Bicycling home on Tuesday I had a spill. Luckily, it was not while I navigated, just seconds before, a crossing of University Avenue at rush hour. Instead, it was on a quiet street. And, even more fortunately, the spill was not of me, but of my grocery bag: it bumped and rocked against the wheel of the bike from the moment I pulled out of the Whole Foods lot, until it could not take the abuse, exploding right there, in the middle of a hill, so that I would watch the Meyer lemon roll down and split in half. I’m not going to even mention the fate of the five pound sack of purple potatoes and the three pound bag of fuji apples.

I thought for a while if a dirty Meyer lemon is better than no Meyer lemon, deciding finally that the answer is yes, and pedaled after it.

I need a bigger pack, I told pretty much anyone I encountered the next day.
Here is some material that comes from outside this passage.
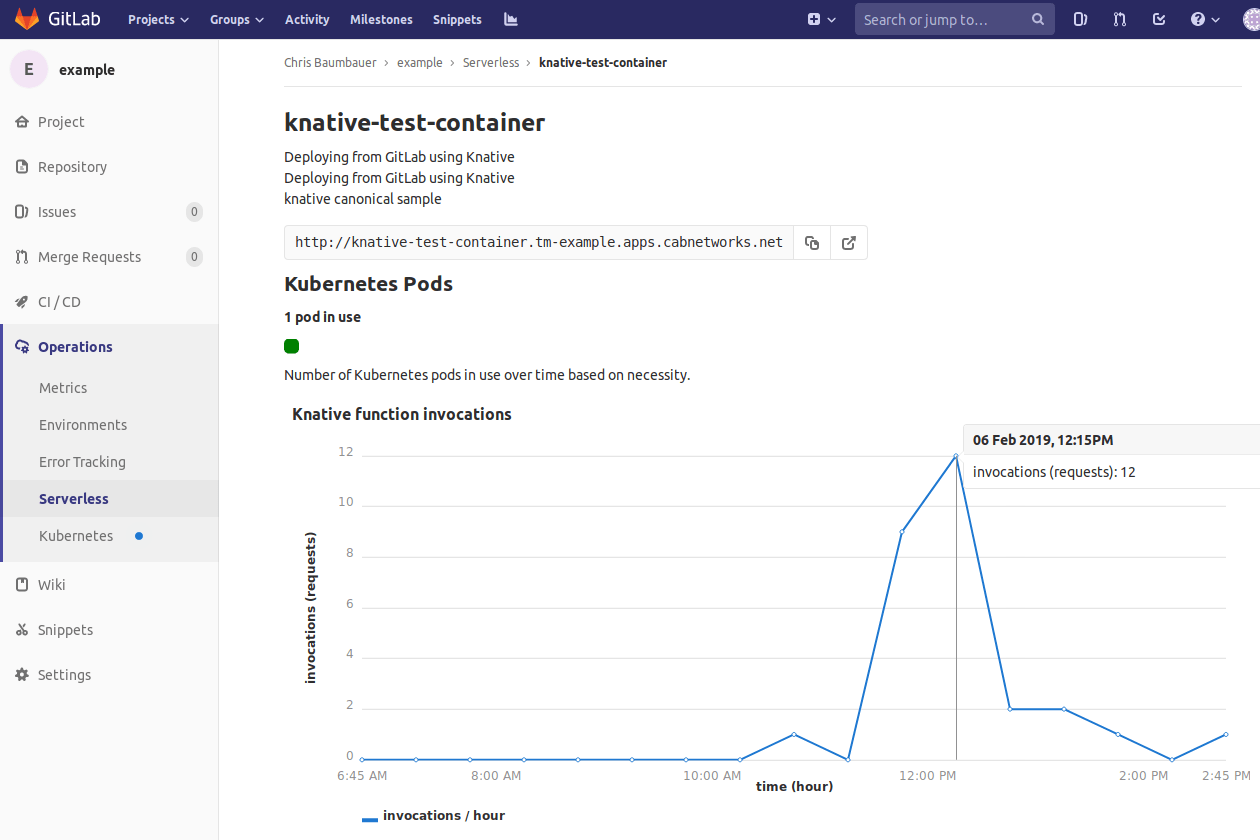 <namespace>is the namespace created by GitLab for your serverless project (composed of<project_name>-<project_id>-<environment>) andexample.comis the domain being used for your project. If you are unsure what the namespace of your project is, navigate to the Operations > Serverless page of your project and inspect the endpoint provided for your function/app.In the above image, the namespace for the project is

And I want it to be funky cool.

Why is it that now, when I am not at a funky cool age, would I even care?

Style. We all develop it, whether we want to or not. Even Ed has style. Of a kind. And whatever mine is, I do not want it to wear the “sensible” tag. Because I am not that. Not much that I have done is sensible (with the possible exception of going to law school), not much that I envision for the year ahead is sensible either. I’m not saying this to put down “sensible,” but, as I have paid the price of being not sensible in so many decisions that I have made, I want to reap the benefits too. By wearing a not-necessarily-sensible-looking pack.

Get a Chrome – one student suggested.
No, a Crumpler bag. It’s great for biking.
North Face. Everyone wants North Face.
In Walmart, they have packs for under $30
– this from Ed.

I didn’t pick up any of the above because ones that seemed funky and cool were the equivalent of one night’s stay in Paris, even at today’s dollar value in Europe.

But I walked up and down State Street after work and I hoped. Not that the pack of such artistic merit would irresistibly come before me, but that I would come to grips with the fact that we are about to embark on a cold season that will not require a pack, because it will be too cold to bike to work. It already is too cold.

But you could not tell this on State Street, where the late day sun made things seem gentle and quiet. Almost warm.